Wootton eventually found his work going out of fashion and ceased to paint about 1760. He died in London on November 3, 1764. His work can be seen at the Tate Gallery, the Virginia Museum of Fine Arts (Richmond, USA), the Yale Center for British Art and Longleat, the seat of the Marquesses of Bath.
On March 27, 1749, in the accounts for his new house, Kirtlington Park, Sir James Dashwood recorded a payment to Wootton. The sum was considerable, more than 50 pounds. Wootton, who was high in favour among the titled nobility could set his prices as he wished. The Dashwood family had moved into their house in 1746. This painting signed and dated 1748, was in a room that was sold in the 1930s and displaced from Kirtlington Park to the Metropolitan Museum of Art.

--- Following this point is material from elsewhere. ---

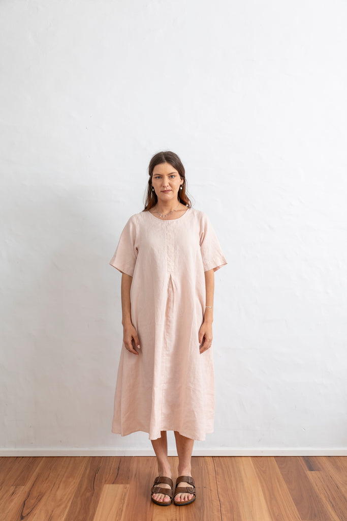 It has a scoop neck with a front pleat. Side pockets and boxy sleeves. This dress is fitted across shoulders and chest. The pleat is lower on the chest giving a beatiful flow and shape. The dress comes as both a tunic and a sleeved dress. The dress can be worn alone or interseasonal with layers.

Staffage from the Dutch genre painting tradition is set here in an English landscape embellished with classical ruins on a hill, a Claudian motif inspired by the villa at Tivoli. As a dismounted companion looks on, a lady in a Van Dyck costume on a white horse with an exotic leopard skin as a saddle blanket, allows her fortune to be told by a gipsy woman. A servant cradling a weapon in his arms waits on the couple. Beyond a rocky arch, women camp beside a smoking fire and herders drive their cattle along a rutted pathway.